Post-hoc analyses involving direct comparisons between the passive listening condition and each of the dual-task experimental conditions were also carried out. These analyses were intended to increase sensitivity to the relatively small effects of the dual task conditions relative to the passive listening control. To this end, four separate repeated measures ANOVAs were run with threshold as the dependent variable, task as the first factor, where the two levels were one of the four pairwise combinations of passive listening with a single dual-task experimental condition, and minimal pair as the second factor. When task consisted of passive listening vs. articulatory suppression (effect of speech motor suppression), the main effects of task (F(1.0, 19.0) = 4.5, p = 0.047) and minimal pair (F(3.0, 57.0) = 195.2, p < 0.001) were significant, but the two-way interaction was not significant. Performance was poorer for articulatory suppression compared to passive listening (average effect = 1.0 dB). When task consisted of passive listening vs. mandible movement (effect of non-speech vocal motor interference), the two-way interaction (F(3.0, 57.0) = 3.7, p = 0.017) and the main effect of minimal pair (F(1.9, 35.5) = 200.6, p < 0.001) were significant, but the main effect of task was not significant. The simple main effects of task were investigated within each minimal pair, which revealed a significant difference between mandible movement and passive listening only for the die/tie minimal pair (F(1.0, 19.0) = 12.0, p = 0.003). Performance was significantly poorer for the mandible movement compared to passive listening for die/tie (average effect = 2.0 dB). When task consisted of passive listening vs. foot tapping (non-vocal motor interference), the main effect of minimal pair was significant (F(3.0, 57.0) = 154.8, p < 0.001), but the main effect of task and the two-way interaction were not significant.

Discussion

The central aim of this study was to test what we have termed the “weaker” version of the motor theory of speech perception, which asserts that the speech motor system is engaged in perception primarily as a compensatory mechanism during noisy or otherwise difficult listening conditions. Thus, the study aimed to characterize the effect of speech-motor suppression on minimal-pair phoneme identification in speech-shaped noise. This was accomplished via a dual-task behavioral manipulation in which participants were asked to subvocally-but-overtly articulate (i.e., moving the vocal tract articulators without phonating) during phoneme identification (articulatory suppression). In a second dual task condition, participants made overt, up-and-down mandible movements during phoneme identification (mandible movement). In the mandible movement condition, participants were instructed not to generate any overt or covert speech, thus ensuring that effects on performance were not due to speech-specific motor interference or associated auditory-speech imagery. In a third dual task condition, participants performed rhythmic tapping of the foot during phoneme identification (foot tapping). This condition was intended to capture the effect of general (non-vocal-tract) motor interference on performance. Finally, participants performed phoneme identification in a baseline condition with no concurrent task (passive listening). Performance was measured across four minimal phoneme pairs encompassing two place distinctions (Buy/Die; Pie/Tie) and two manner distinctions (Pie/Buy; Die/Tie). Crucially, the SNR was varied adaptively across a range of values, allowing for estimation of complete psychometric functions for each combination of minimal pair and task condition. Two-parameter psychometric functions were characterized by their threshold (75% correct performance) and slope (sensitivity of performance to changes in SNR) allowing for a comprehensive depiction of task effects across minimal pairs.

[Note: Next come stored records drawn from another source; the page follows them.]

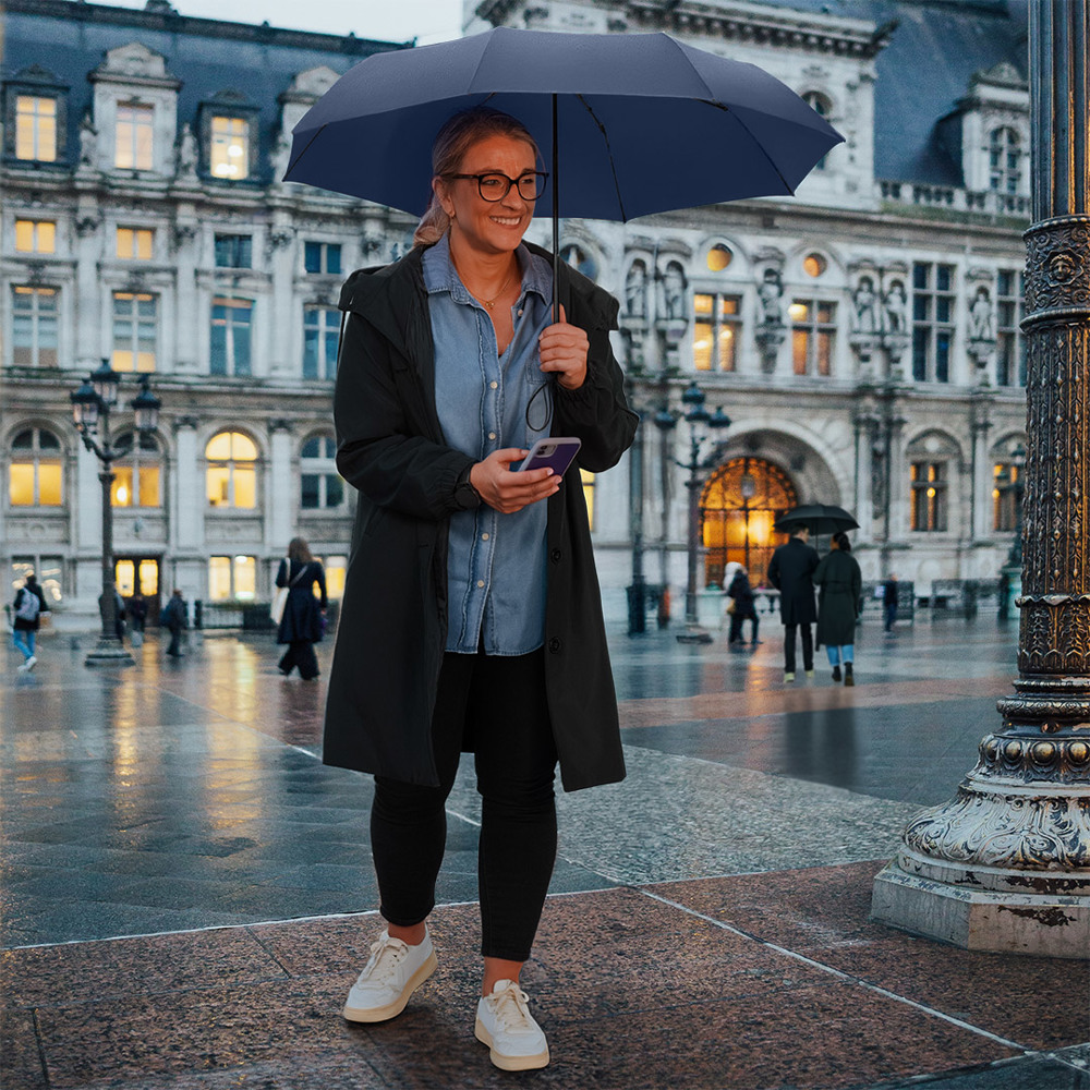 Compact manual opening pocket umbrella with excellent value for money and Windproof PLUS system Easy to use thanks to safety runner, high-quality Windproof PLUS system for maximum frame flexibility in strong gusts of wind, soft-feel handle with elastic carrying strap and promotional labelling option
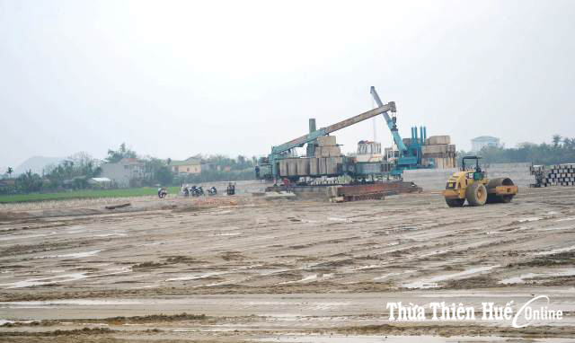 Tại địa điểm xây dựng công trình nhà máy xử lý nước thải ở phường An Đông (Huế), các loại xe cẩu, xe ủi, xe múc được liên danh nhà thầu phụ là Tổng công ty Đầu tư nước và Môi trường Việt Nam (Viwaseen) và Công ty TNHH Xây dựng và Thương mại Hải Thành tập kết, phục vụ thi công.
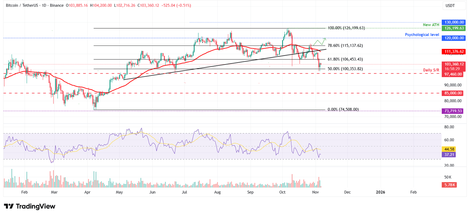 Si el nivel de retroceso del 50% en 100.353$ continúa manteniéndose como soporte, el BTC podría extender su recuperación hacia el siguiente nivel de resistencia clave en 106.435$.
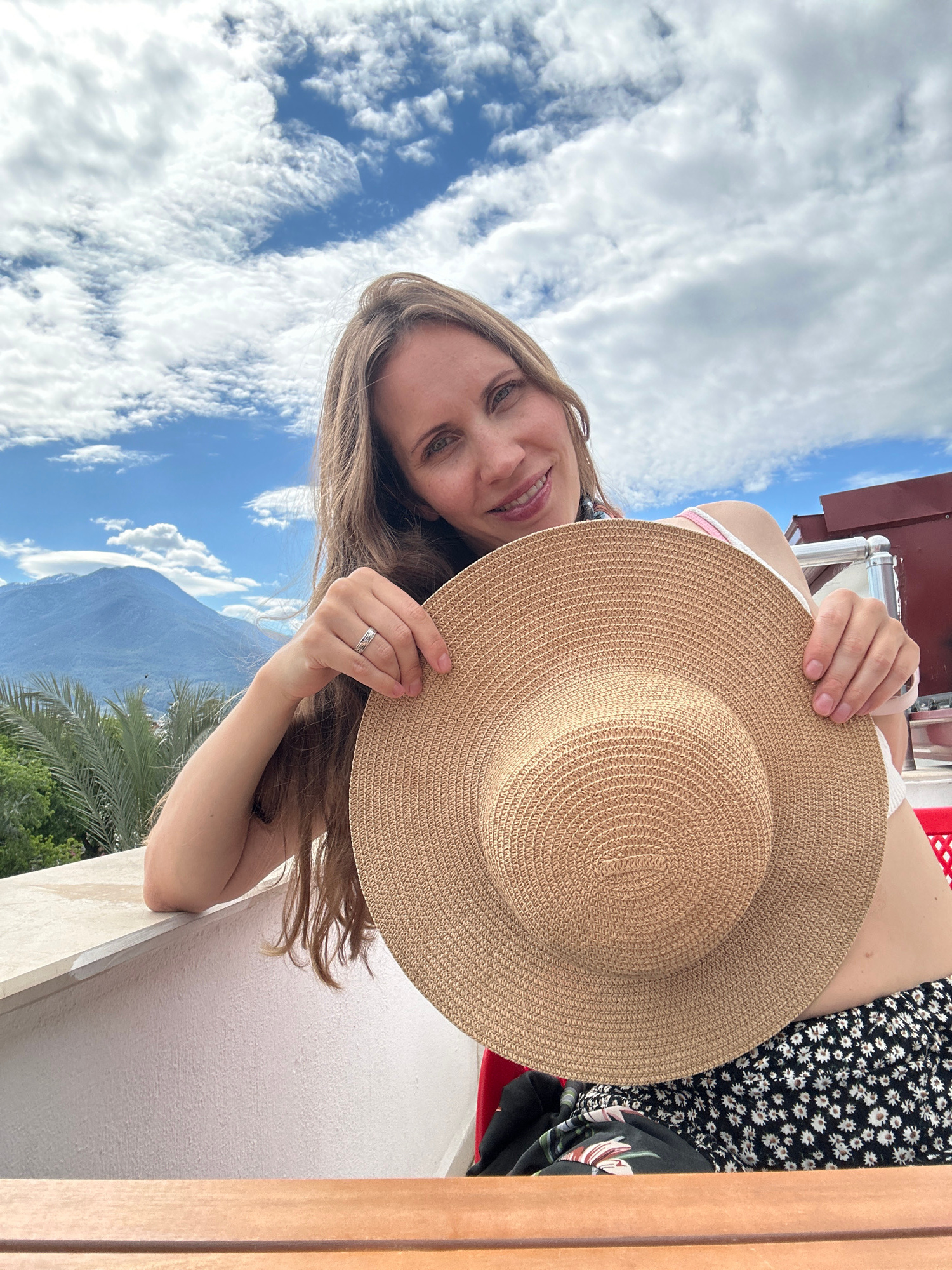 A woman with long brown hair and fair skin holds a large straw hat. She stands on a balcony. Behind her is a blue sky with white clouds, a mountain, and green trees. The woman wears a silver ring on h…read more
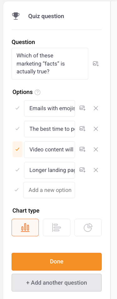 - Select Done. Or, to add another Quiz question, select Add question.
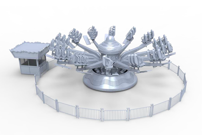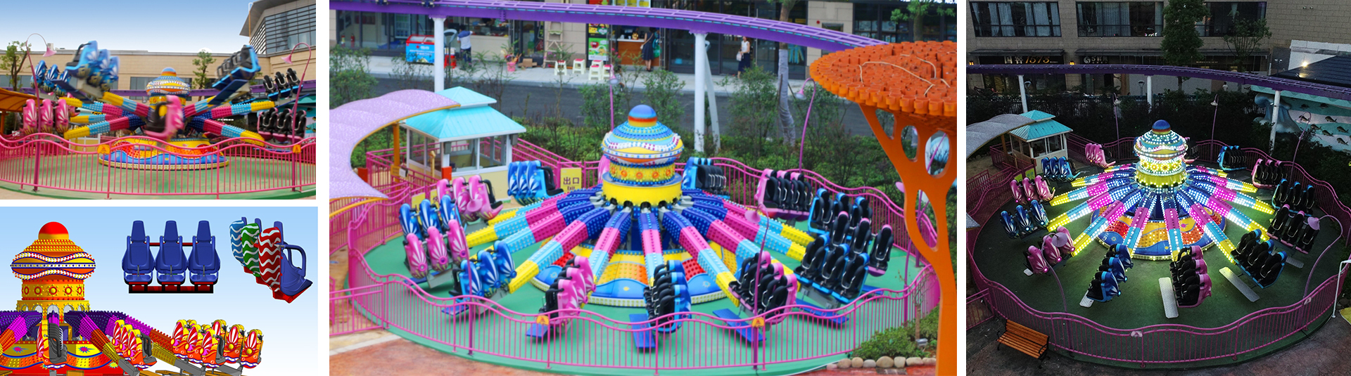 彈跳機(jī)中軸為中心帶動(dòng)周圍十四個(gè)座艙繞豎直中軸旋轉(zhuǎn),同時(shí)座艙伴隨著音樂進(jìn)行高低、快慢不同的跳躍式運(yùn)動(dòng)。使乘客在過程中體驗(yàn)到旋轉(zhuǎn)加跳躍的樂趣。

The results can be summarized as follows: (1) the psychometric function slope did not vary systematically as a function of task, but did vary significantly across minimal pairs. Manner of articulation (Buy/Pie, Die/Tie) distinctions were found to be more difficult to distinguish compared to place of articulation conditions (Buy/Die, Pie/Tie). The brief, low-amplitude segment of aspiration noise used to convey voice onset time in the manner of articulation conditions was likely masked by the speech-spectrum background noise even at high SNR levels. This made manner of articulation distinctions more difficult overall, which allowed us to test over wide range of SNRs across place and manner conditions; (2) the psychometric function threshold varied as a function of task and minimal pair, but the effects of task tended to be small and somewhat variable across listeners and minimal pairs; (3) the only task condition for which the psychometric function threshold was consistently higher (i.e., worse performance) than passive listening was articulatory suppression; and (4) the average effect size of articulatory suppression relative to passive listening was ~1 dB across minimal pairs. From this we can conclude that speech-motor interference produced a specific, but quite modest, decrement in speech perception performance. This decrement was apparent as a rightward shift of the entire psychometric function with no concomitant change in slope, which, given the range of slopes observed across minimal pairs, would produce, at best, a roughly 13% decrease in performance (i.e., percent correct) at a given SNR on the quasilinear portion of the psychometric function (Figure 5). Such a pattern is consistent with a genuine loss of perceptual sensitivity as opposed to effects of (in)attention, increased internal noise and/or fluctuations in the decision criterion, or any other task element that interacts with SNR, all of which are expected to produce a shift in the slope of the psychometric function under most circumstances (Buss, Hall III, & Grose, 2009; Kontsevich & Tyler, 1999; Morgan, Dillenburger, Raphael, & Solomon, 2012).

Figure 5.

Figure 5.

The distribution of the effect size, as measured by percent correct, is the difference between the passive listening task and the articulatory suppression task for each word pair. The maximum difference observed was 12.7% for the Buy/Die condition at −7.5 dB, 5.6% for the Pie/Tie condition at −4.0 dB, −.4% for the Die/Tie condition at 6.0 dB, and 3.8% for the Pie/Buy condition at 13.3 dB.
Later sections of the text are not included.